- Born: January 10, 1952 (age 74) Saint-Césaire, Quebec, Canada
- Height: 5 ft 11 in (180 cm)
- Weight: 168 lb (76 kg; 12 st 0 lb)
- Position: Forward
- Shot: Left
- Played for: Rosemont National
- NHL draft: Undrafted
- Playing career: 1969–1974

= Clément Jodoin =

Canadian ice hockey coach

Clément Jodoin (born January 10, 1952) is a Canadian former professional ice hockey player, former head coach of the Hamilton Bulldogs of the American Hockey League, a former assistant coach of the Montreal Canadiens, having previously been the head coach of the Rimouski Océanic of the Quebec Major Junior Hockey League.

== Career ==
Jodoin played junior ice hockey with Rosemont National in the QMHL during 1969–70 and 1970–71, and later with Concordia University in the CIS. Jodoin was hired as an assistant coach with the Pittsburgh Penguins for the 1987–88 NHL season, then earned his first head coaching duties with the Halifax Citadels of the American Hockey League during 1990–91 and 1991–92. Jodoin would return to the NHL as an assistant coach with the Quebec Nordiques for 1992–93 and 1993–94. When the QMHL expanded to the Maritimes, Jodoin returned to the City of Halifax as coach of the Halifax Mooseheads for their first three seasons from 1994–95 to 1996–97. Jodoin was again hired as an NHL assistant coach, this time with the Montreal Canadiens for six seasons from 1997–98 to 2002–03. Jodoin returned to the QMJHL, coaching the Lewiston Maineiacs for three seasons from 2004–05 to 2006–07. Jodoin received the Paul Dumont Trophy in the 2005–06 as "Personality of the Year."
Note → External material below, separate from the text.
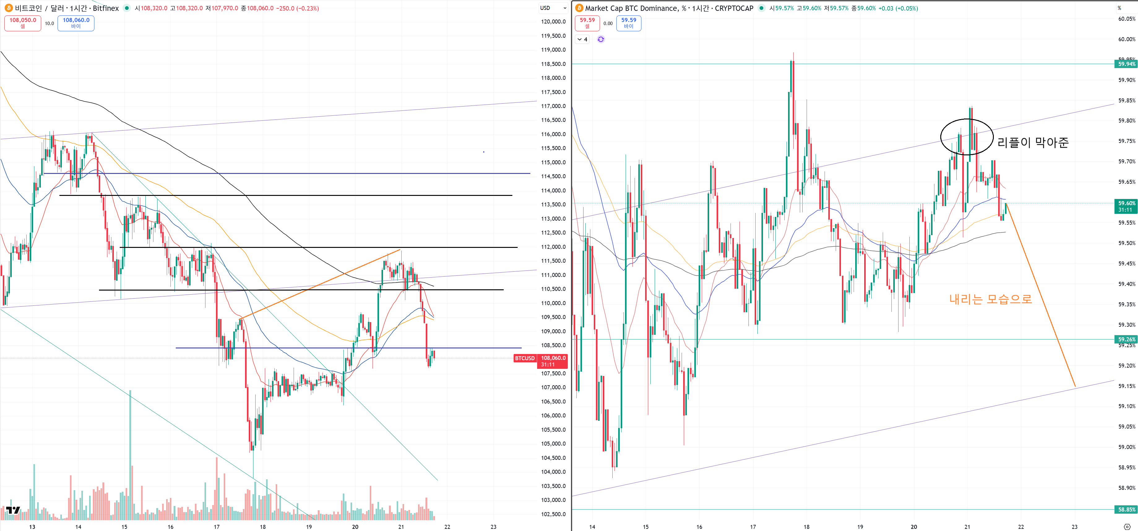 여기서 상승다이버전스 다시 만들거 108500안으로 잽싸게 들어가면 재차 도전 가능합니다.

He served as assistant coach with the Canada national junior hockey team for the 2006, 2007 and 2008 World Junior Ice Hockey Championships. Jodoin has twice been named the QMJHL's "Coach of the Year," receiving the Ron Lapointe Trophy in 1997 and 2007. The Canadian Hockey League honoured Jodoin with the Brian Kilrea Coach of the Year Award in 2007, leading the Lewiston Maineiacs to the QMJHL President's Cup and a 2007 Memorial Cup berth.

He joined the coaching staff of Rimouski Océanic in 2007 and stayed on the job until 2011, followed by a single season (2011–12) as head coach of AHL's Hamilton Bulldogs. He represented the Cantonniers of Magog Midget AAA hockey team for the 2012-2013 season as their president of honour. In 2012, he embarked on another five-year stint as assistant coach with the Montreal Canadiens. On May 29, 2017, he was named assistant coach of Eisbären Berlin of the German top-flight DEL, serving as assistant to head coach Uwe Krupp. In May 2018, the Eisbären organization promoted Jodoin to the head coaching position. Following four home losses in a row, Jodoin was relieved off his duties on December 20, 2018. In January 2019, he joined the staff of EHC Red Bull München as an assistant coach.